I went on my first four-day intensive course and it changed my life. Like Anton, I stood up on a soapbox in front of 200 strangers and made a public speech, the strangest thing being that I not only managed it, but I actually enjoyed the experience.

I had been taught a breathing and speaking technique that meant, at the of 22, I was happy to speak for the first time in my life.

The course is not a cure and that was stressed from the start. It is a method that would mean I could speak in any situation without the old fear I used to endure. Since then I have done things that I’d never imagined possible. I got married and made a speech at my wedding. I took a year off work and travelled the world. I have been lucky enough to be asked to instruct on the speech courses in the UK and Australia.

So when, last month, Chris Meintjes, who runs the courses in South Africa, asked me to head to Johannesburg for five days, I jumped at the chance, arranged time off from my accountancy job and had booked my flights within half an hour.

Along with Anton, four other people also signed up. When I met them on the Thursday morning, they couldn’t look me in the eye. They contorted their faces every time they tried to utter a word and withered when they were asked to stand up in front of the group.
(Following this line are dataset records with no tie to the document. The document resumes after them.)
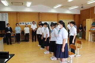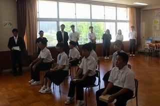 東陽中学校校舎での学校生活も3カ月が過ぎ、本日、1学期終業式を行いました。校長先生からは、「地域の行事や活動に積極的に参加をし、地域の方やたくさんの方々との交流を通して、学校生活の中では体験できないことにたくさん挑戦してほしい」とのお話がありました。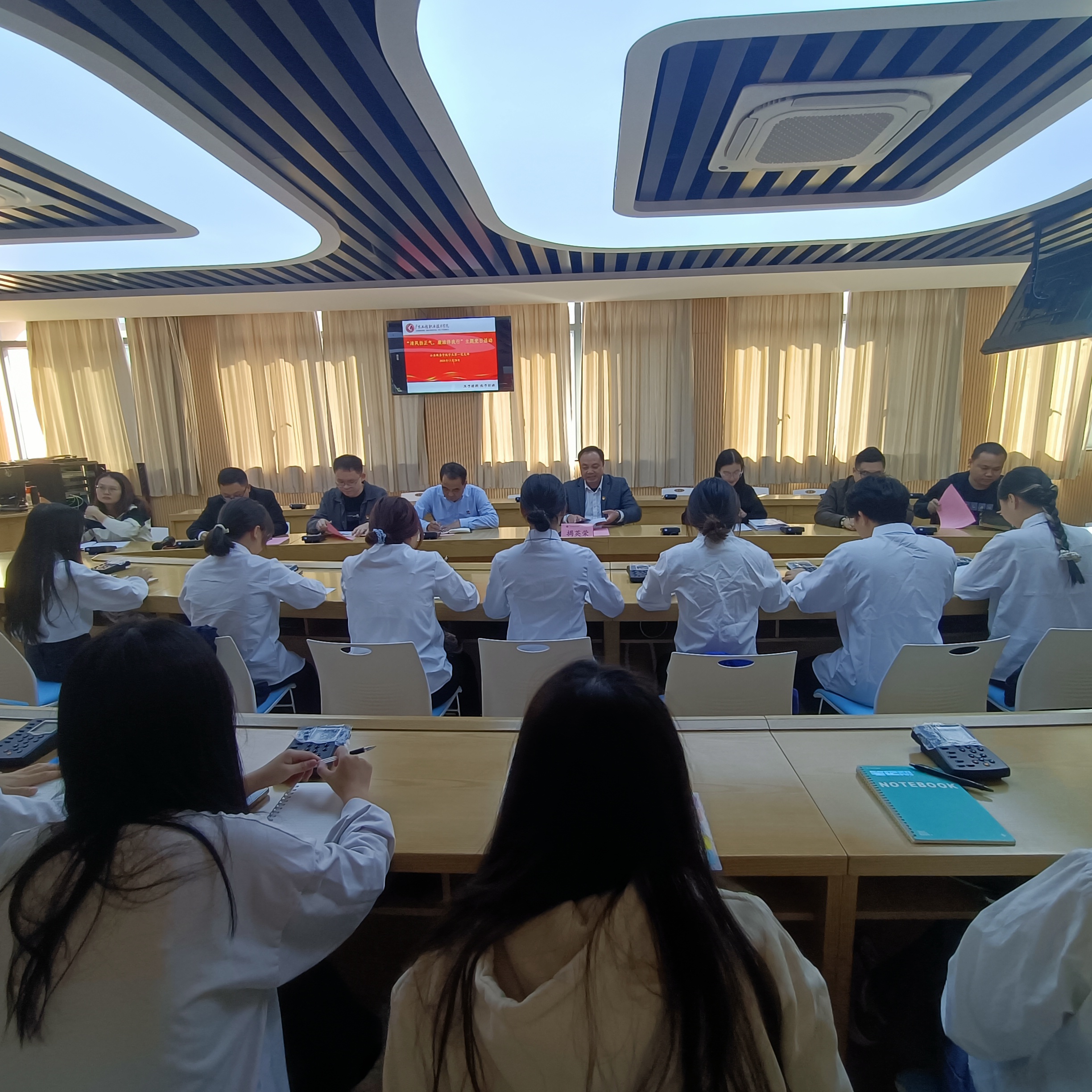 为深入贯彻落实全面从严治党要求,教育引导党员增强廉洁意识,做好新时代的合格党员。2024年11月28日,公共服务学院学生第一党支部开展了“清风扬正气,廉洁伴我行”主题党日活动。学校党委委员、副校长揭英荣,公共服务学院党委书记吴文丰参加本次组织生活。会议由支部党员华永城主持。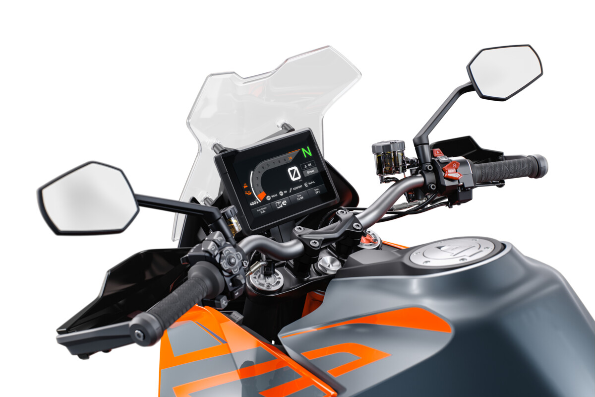 KTM 1290 SUPER DUKE GTはグラフィックを一新するとともに、新たに7インチの大型TFTディスプレイと新型スイッチを採用することで、様々な電子制御装置を簡単で直感的に操作できるようになりました。また最大出力175 PS・最大トルク141 Nmを発揮して、県境や国境線を軽やかに駆け抜けます。
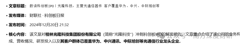 而且,光隆集成的母公司“光隆科技”曾在向科创板提交IPO申请,2022年主动撤回。据媒体报道,光隆科技的客户包括华为、中兴通讯、中际旭创等光通信行业龙头企业。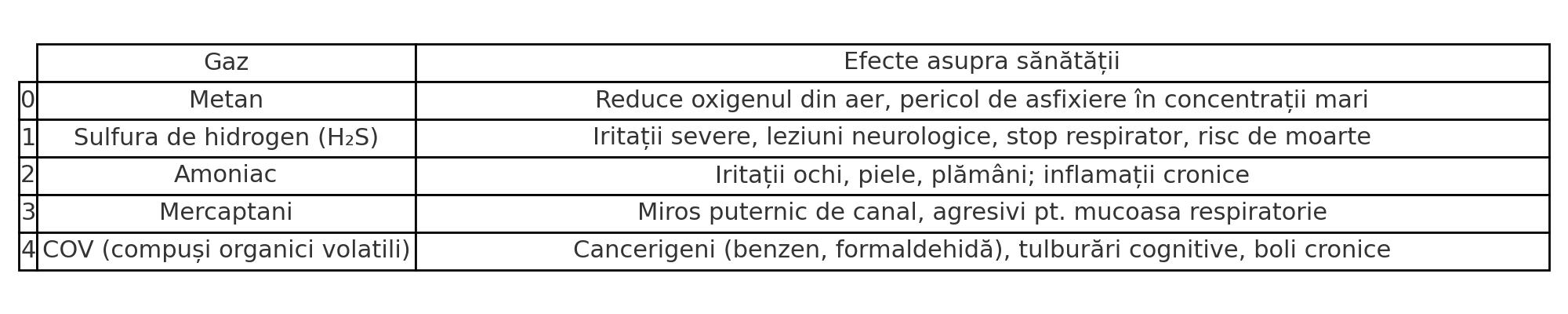 • Sulfura de hidrogen (H₂S): iritații, leziuni neurologice, poate fi letal.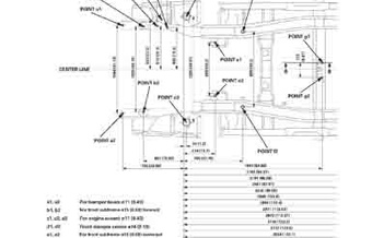 - Проекционные размеры с привязкой к стапелю. Дополнительно приведены цветные фотографии мест расположения контрольных точек на реальном автомобиле.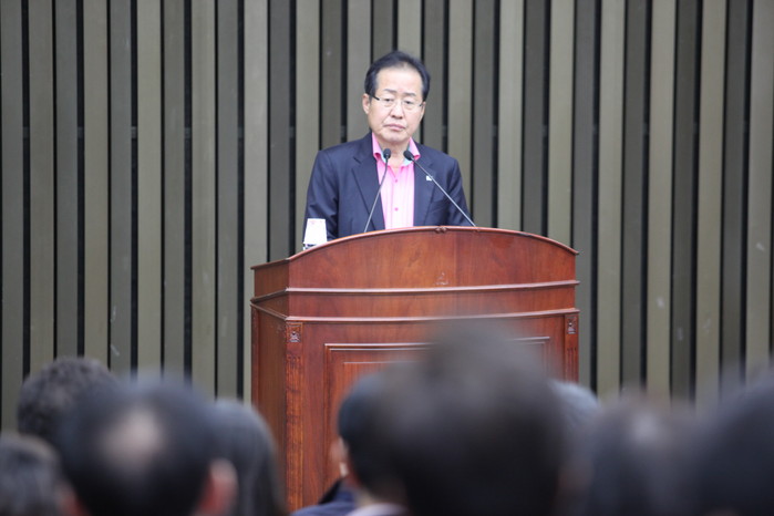 홍준표 대표가 의원총회에서 인사말을 하고있다 사진=이연종기자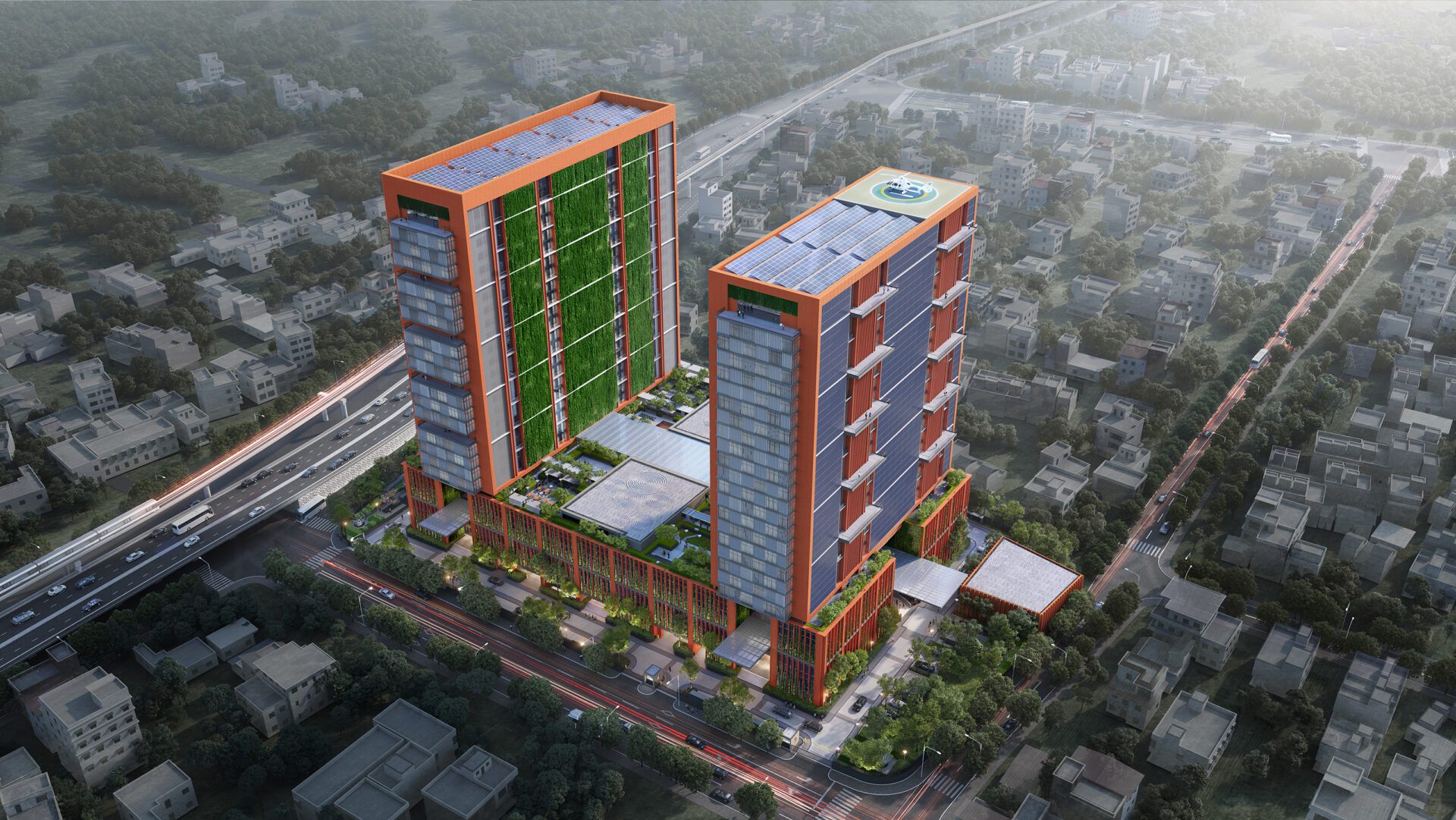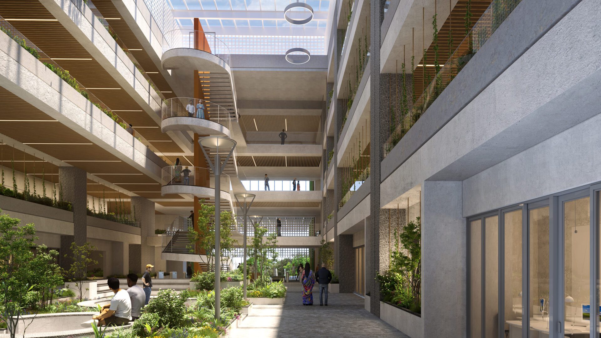 • Sustainability: Targeting net-zero energy consumption with features like solar panels, green walls, rainwater harvesting, and passive design strategies.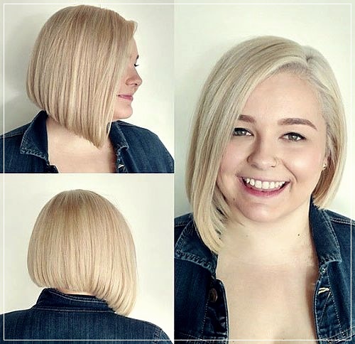 It is important that the face appears more oval. Avoid cuts that are above the chin as this will emphasize the roundness of the face. Ideally, the hair should be at least a length below the chin.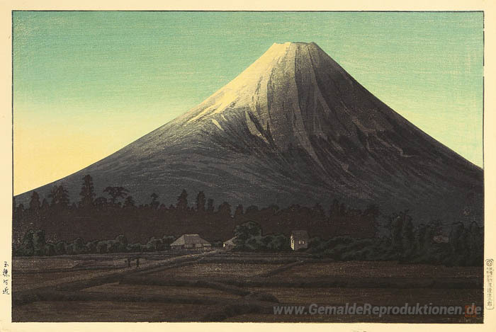 Wir bieten Ihnen eine handgefertigte Reproduktion auf Leinwand des berühmten Kunstwerks 'Fuji in der Nähe Tamaho (grüne Variante)' von Shotei Takahashi, aus dem Reproduktionsmuseum.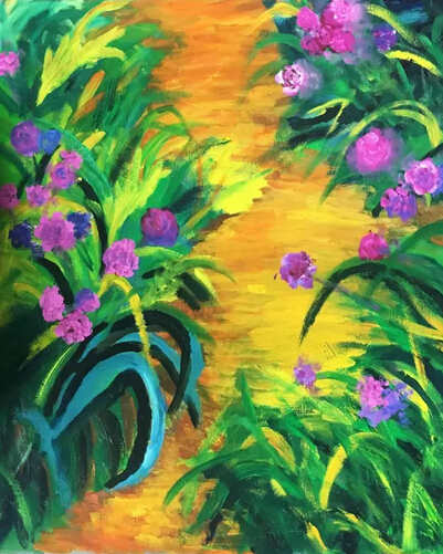 馬勺丙烯畫。在馬勺上,用丙烯顏料畫出房子前的大海,以及周邊的花叢。
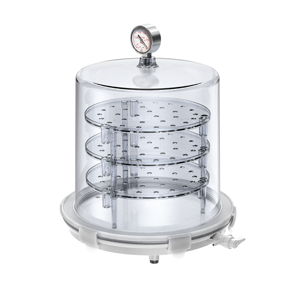 JeioTech cylindrical vacuum desiccators are ideal for storing tall equioment due to their spacious design. Their cylindrical shape makes them practical choice for laboratories needing to accommodate various types of scientific instruments.

Within two hours, they were holding their heads up high and bellowing their names and addresses without any struggle. By the end of the first day, every new student on the course had stood up confidently in front of the entire room and spokne freely without any hint of a stutter.

THE courses involve long sessions coached by people who have already been through the programme, practising the technique, group speaking activities and going out to use speech in real-life situations.

All five of the new students were nervous, but when they stood up on that soapbox in front of a crowd of strangers in a busy shopping centre.

They were buzzing with excitement. I couldn’t have been more proud: watching their transformation brought all my memories flooding back..

The course has taken me all around the UK, Australia and now to South Africa. The programme is maybe not for everyone who stutters, but for me it was perfect.

I am not a fluent speaker, never have been, never will be. Yet in a bizarre way, I consider myself lucky to have had a stutter. How many other people would get an opportunity to head to the other side of the world and help give some people the thing they’ve dreamt of all their lives?